We saw one couple, but otherwise we were on our own.  Then it was back to the road, heading north through Newcastle (yes, and Swansea and Cardiff).  They haven’t just inherited the English names, but also English roundabouts, dozens of them.  It’s just like driving around Crawley!  But now that I’m remembering to go around them on the left, the same way as everybody else, they aren’t so bad.

We headed for Myall Lakes national park, another park squeezed between the sea and some big lakes.  This is an out-of-the-way spot with little traffic so it was a good opportunity for Sandie to practice some driving.  We pulled into the first campsite to find that it was much like some of our parks.  You find a campsite, pay the man, and search for the bathrooms (by nose).  This campsite was a lot different, hemmed in by forest.  We were listening to the bugs and frogs and birds instead of the surf.

Myall Lakes (3.50)

We still had a few hours before dark, so we set off to look at Seal Rocks at the other end of the park.  We took our neighbour’s advice and avoided the road that was on our map, as he thought it was now impassable.  Instead, we took what the locals call the “punt”, which is a chain ferry that holds five or six cars, chugging across a narrows in the lake. 

There was a resounding clang as we drove onto the punt and another as we drove off!  The camper has two-inch steel “bull bars” wrapped around front and back, intended to ward off cattle, and another steel cage which covers the lower half of the windscreen.  So, the bull bars weren’t damaged and we continued.  By agreement, we are not supposed to drive anywhere that isn’t tarmac’d, but as soon as we were away from the punt, the road turned to rock and gravel, and Sandie was weaving between the potholes.  The road down to Seal Rocks soon turned to gravel too, so we gave up worrying.  The village was much like Cornwall or the Isle of Man, with a sandy beach squeezed between two high rocky headlands, and fishing boats on the beach.

After clambering around on the rocks until dark, we tried to take the closed road back to camp as the punt would be closed and the only other route was 50 miles extra by way of little places called Tea Gardens and Hawk’s Nest.  Well that road went from bad to worse, but it was all to no avail, as it turned out to be only a route into a back-country campground anyway.  So it was back down the road and take the long route.  This experience is not unusual, as the Aussies don’t seem to bother much with road signs, or quote road numbers, or distances, all those little clues for where you might be.

Next morning, Sunday,  we thought we’d take another wander in the forest, this time through this park’s swampy areas, which were squishy, but open so that we’d see more wildlife.  Some spectacular giant red gums, and lots of other plants we couldn’t identify.  We heard and then saw a kookaburra. 

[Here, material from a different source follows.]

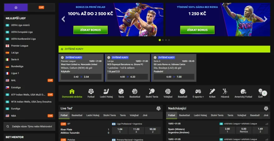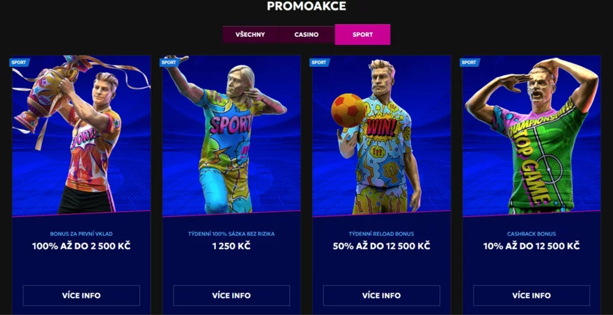 Dalším lákadlem jsou atraktivní bonusy a promoakce. Uvítací bonus nabízí 100 % k prvnímu vkladu až do 2 500 Kč, což je skvělý start pro nové hráče. Pravidelné akce, jako jsou cashbacky, reload bonusy nebo free bets, zajišťují, že i stávající hráči mají stále důvod se vracet.

We’d started this walk off in cloud and then wished we had hats as it got so hot, and then we got drowned in a downpour, about two miles out from the camper.  We managed to keep the cameras dry but nothing else, so we got very soggy, and then gave up on the walk and headed back.  In the middle of the next downpour, we ran into a similarly soggy Aussie couple, dressed as we were for the sunshine.  “Lovely day for a walk, mate”.